Kid Castle Education recently took steps to de-register its stock and now trades on the pink sheets. 2008 was not a particularly good year for the company as Fully Tax-Adjusted GEO Supplied Non-GAAP EPS fell 40% despite a rise in sales. Also, first quarter EPS and revenue growth were flat.
While not a fan of penny stocks, Kid Castle qualifies as a high risk special situation play if the company can jump start its growth rate. With $.03 in trailing EPS the stock is selling at a P/E of just 5 in a sector that is beginning to gain some momentum on wall street. At its current price the GeoTeam® is considering Kid Castle Education a call option with no expiration. The hope is that, if the company can at the very least remain profitable, it can experience a reduction in its risk premium by an expansion of its P/E ratio.
The GeoTeam located an excerpt in the company's SEC filing 10K (page 8) that indicates a greater focus on improving profitability in the coming year:
"From 2003 to 2008, we have substantially increased our sales and marketing efforts in order to more aggressively market our franchises in China. Such expansion resulted in growth in the sales of our English-learning materials. While we expect to continue expanding our market share in China, we intend to do so by more efficiently utilizing our management and capital resources to more effectively manage our cost of goods sold and other operating expenses. We will continue to devote our resources to increasing the number of our franchises and expanding our publishing operations. On the other hand, we will cut nonessential operations to reduce our operating costs and improve our profitability."

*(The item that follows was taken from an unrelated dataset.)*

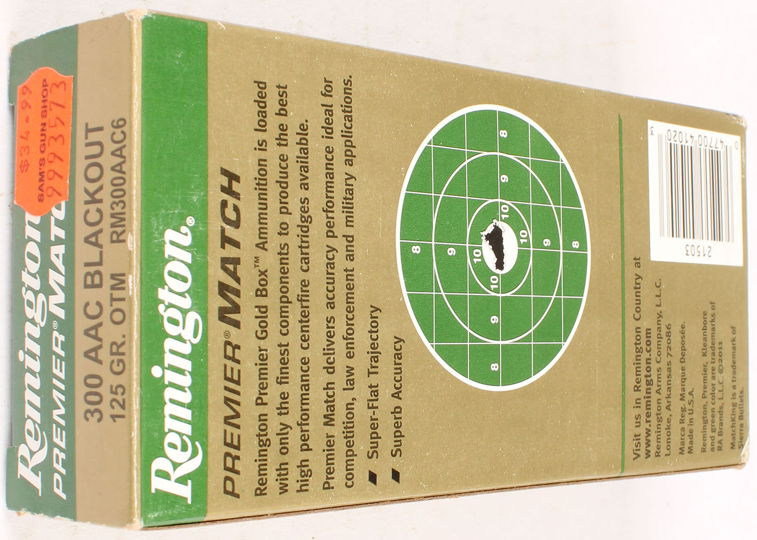 Remington, Premier Match, 300 AAC Blackout, 125 Grain OTM, Full, 1pc. Gold, green, white & black box, box is solid with great color, end flaps are solid, ammo is excellent. Grade: Excellent - Value: 20 to 80

Significant concerns that temper our enthusiasm:
We have assertively expanded our business in the PRC. Our Shanghai operations turned profitable in 2006, and the Group turned profitable in the first quarter of 2007. We anticipate continued expansion of the demand for learning materials and an increase in the number of franchise schools. Furthermore, we foresee better utilization of capital and funds as we identify and implement alternatives for restructuring and refinancing. In order to increase its profit margin, the Group has operated direct-owned schools since 2007. Due to the rapid expansion in our Shanghai operations, the Group foresees additional need for funds in the near future to facilitate its expansion plans during 2009. As discussed in Note 11 to our Condensed Consolidated Financial Statements, the majority of the Group’s existing loans are guaranteed by two directors of the Group who have expressed their willingness to continue to support the Group until other sources of funds have been obtained. Moreover, management believes that, with the support of the directors and continuous PRC sales, the Company would have sufficient funds for its operations, but may need new a bank facility to fulfill its business plan to expand its operations in the future.